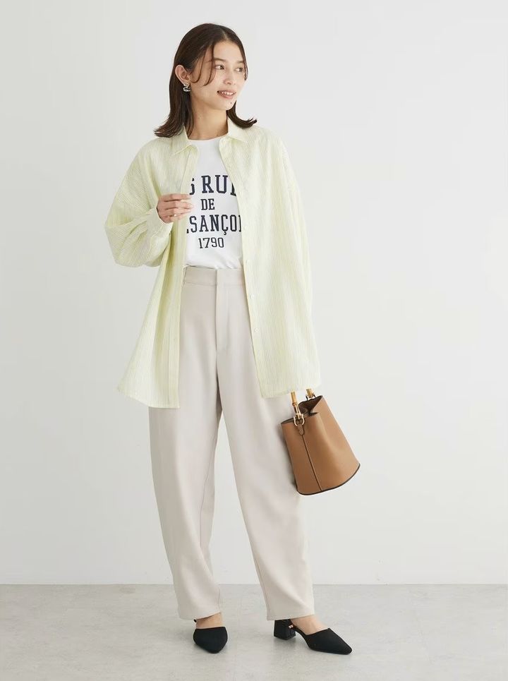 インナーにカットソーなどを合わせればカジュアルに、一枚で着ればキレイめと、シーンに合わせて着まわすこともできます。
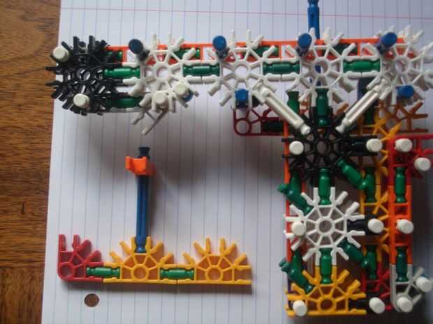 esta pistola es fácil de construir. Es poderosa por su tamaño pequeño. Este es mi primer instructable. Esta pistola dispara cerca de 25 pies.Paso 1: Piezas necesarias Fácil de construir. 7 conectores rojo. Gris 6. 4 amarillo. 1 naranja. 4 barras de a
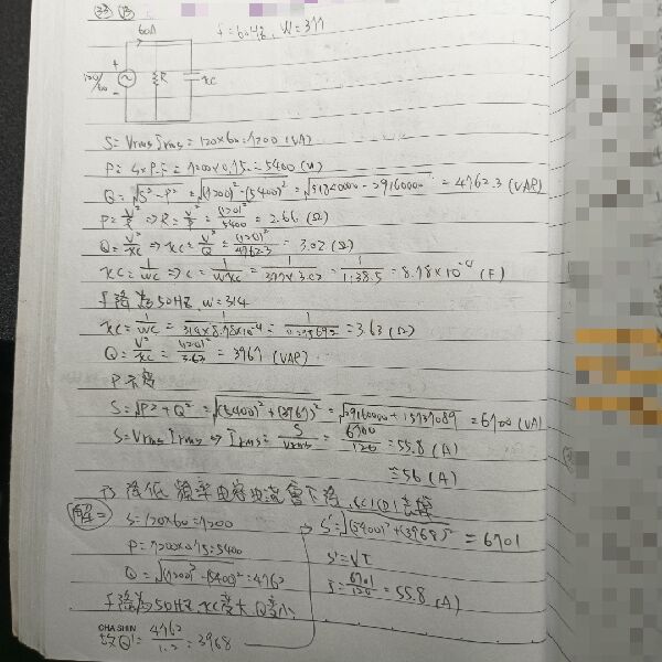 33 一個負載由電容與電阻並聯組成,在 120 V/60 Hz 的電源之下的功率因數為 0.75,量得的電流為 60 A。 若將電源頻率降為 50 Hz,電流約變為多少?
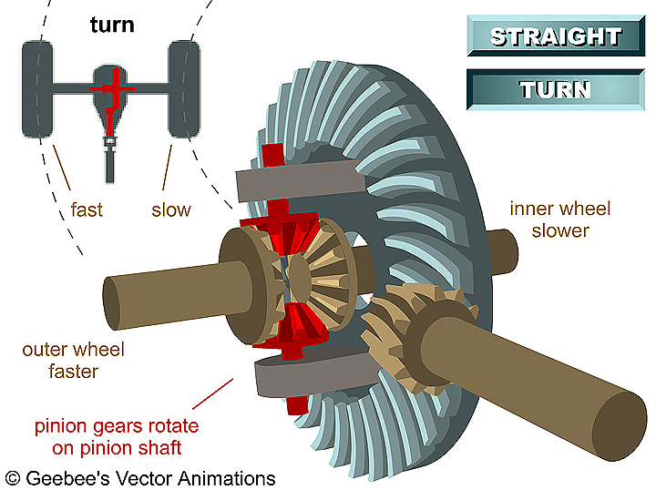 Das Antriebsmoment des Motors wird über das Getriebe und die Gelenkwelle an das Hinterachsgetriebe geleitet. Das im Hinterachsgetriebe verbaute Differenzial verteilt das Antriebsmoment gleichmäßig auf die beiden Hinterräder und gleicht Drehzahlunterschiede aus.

The problem.
All the lines above should be reproduced exactly, and none of the pictures.

Exercise answer.
 インナーにカットソーなどを合わせればカジュアルに、一枚で着ればキレイめと、シーンに合わせて着まわすこともできます。
 esta pistola es fácil de construir. Es poderosa por su tamaño pequeño. Este es mi primer instructable. Esta pistola dispara cerca de 25 pies.Paso 1: Piezas necesarias Fácil de construir. 7 conectores rojo. Gris 6. 4 amarillo. 1 naranja. 4 barras de a
 33 一個負載由電容與電阻並聯組成,在 120 V/60 Hz 的電源之下的功率因數為 0.75,量得的電流為 60 A。 若將電源頻率降為 50 Hz,電流約變為多少?
 Das Antriebsmoment des Motors wird über das Getriebe und die Gelenkwelle an das Hinterachsgetriebe geleitet. Das im Hinterachsgetriebe verbaute Differenzial verteilt das Antriebsmoment gleichmäßig auf die beiden Hinterräder und gleicht Drehzahlunterschiede aus.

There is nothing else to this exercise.